How to complete this task
Print the lines from the one containing "8 foot bucket" through the end of the material below, both included, exactly as they appear and without pictures.

Data below
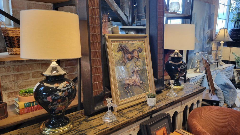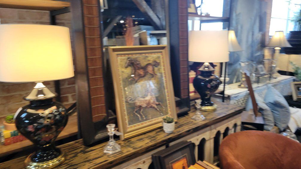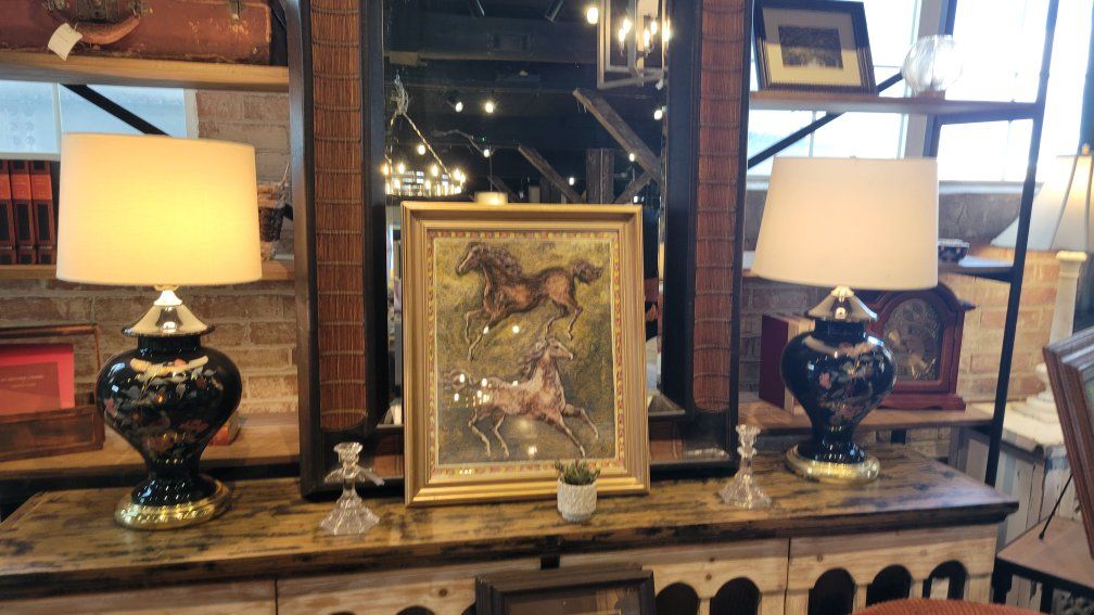 Beautiful set of vintage lamps in Excellent vintage condition. Dark blue.
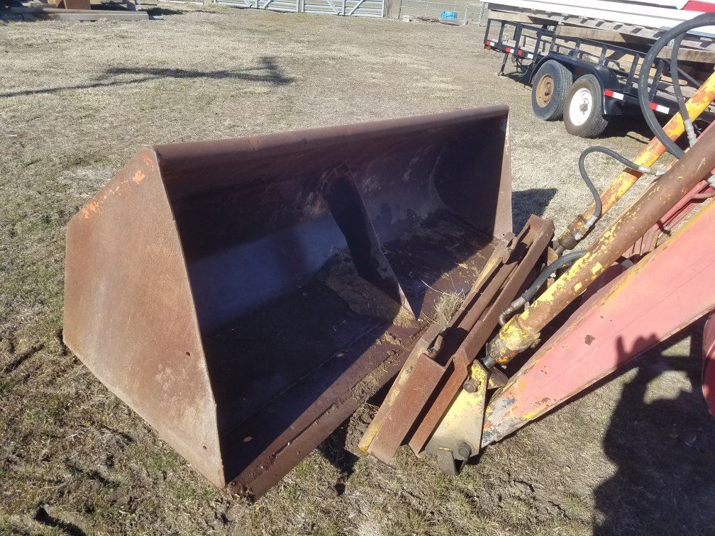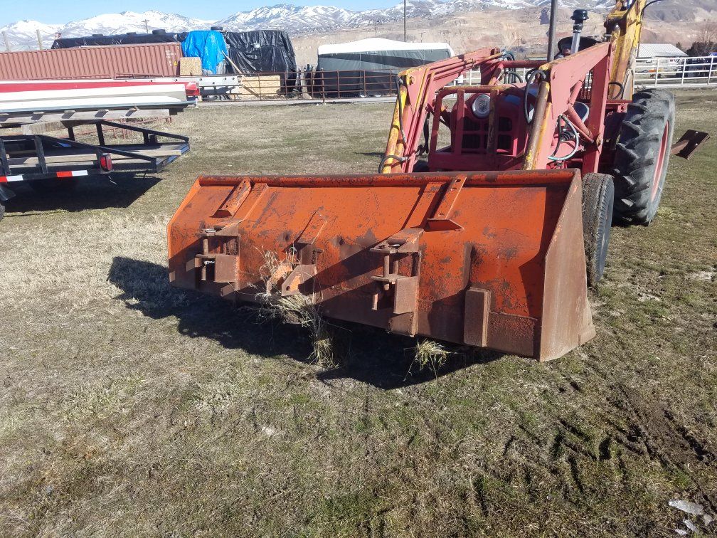 8 foot bucket looks like it might hook to the forks of of a fork lift. it's to big for my ford tractor. it doesn't look like it was used very much asking 100.00 dollars for it
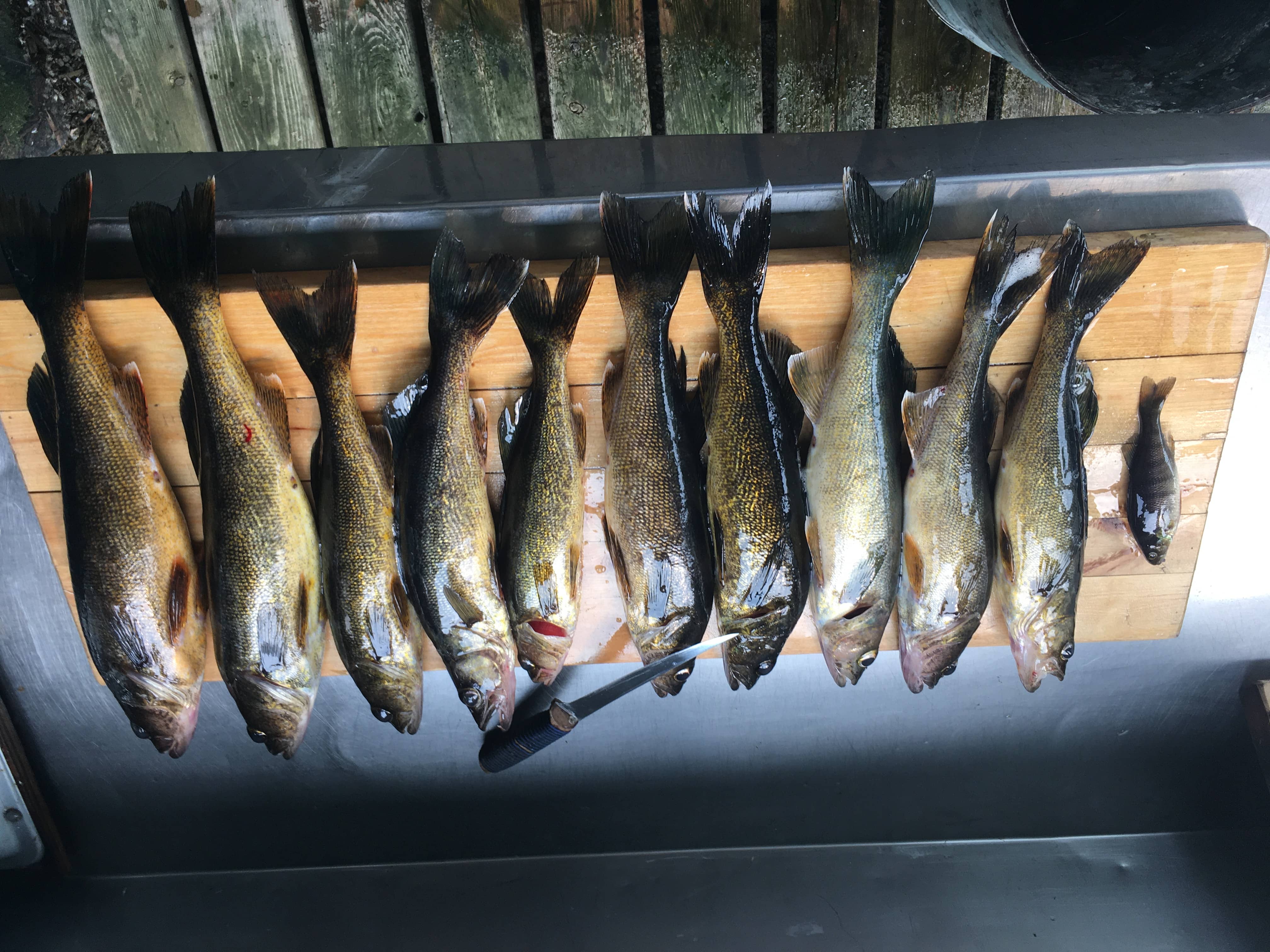 Nous sommes très stricts dans notre politique de remise à l'eau pour conserver la bonne population de dorés dans la pourvoirie. Nous exigeons que tous les dorés au-dessus de 20 pouces (50,8 cm) ou en-dessous de 13 pouces (33 cm) soient remis à l'eau.
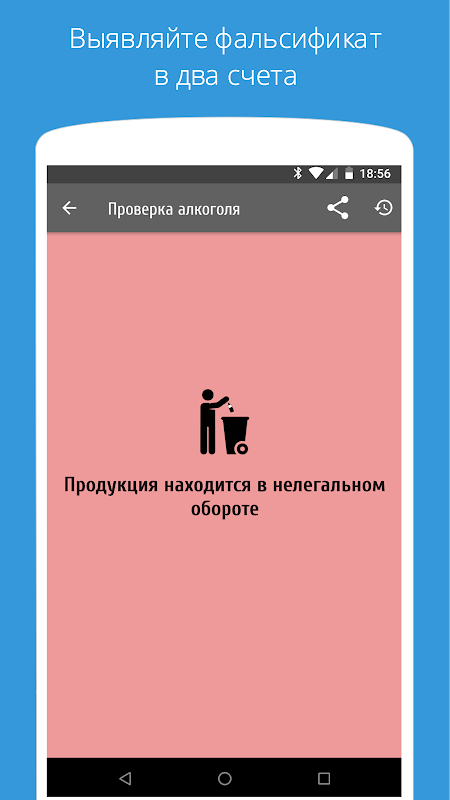 Ejecute la aplicación y escanee los códigos de barras de la etiqueta de impuestos en la botella. Después de eso, la aplicación verificará los datos con la base de datos del EGAIS del Servicio Federal para la Regulación del Mercado del Alcohol (FSAPR) y producirá el resultado.

Response box
 8 foot bucket looks like it might hook to the forks of of a fork lift. it's to big for my ford tractor. it doesn't look like it was used very much asking 100.00 dollars for it
 Nous sommes très stricts dans notre politique de remise à l'eau pour conserver la bonne population de dorés dans la pourvoirie. Nous exigeons que tous les dorés au-dessus de 20 pouces (50,8 cm) ou en-dessous de 13 pouces (33 cm) soient remis à l'eau.
 Ejecute la aplicación y escanee los códigos de barras de la etiqueta de impuestos en la botella. Después de eso, la aplicación verificará los datos con la base de datos del EGAIS del Servicio Federal para la Regulación del Mercado del Alcohol (FSAPR) y producirá el resultado.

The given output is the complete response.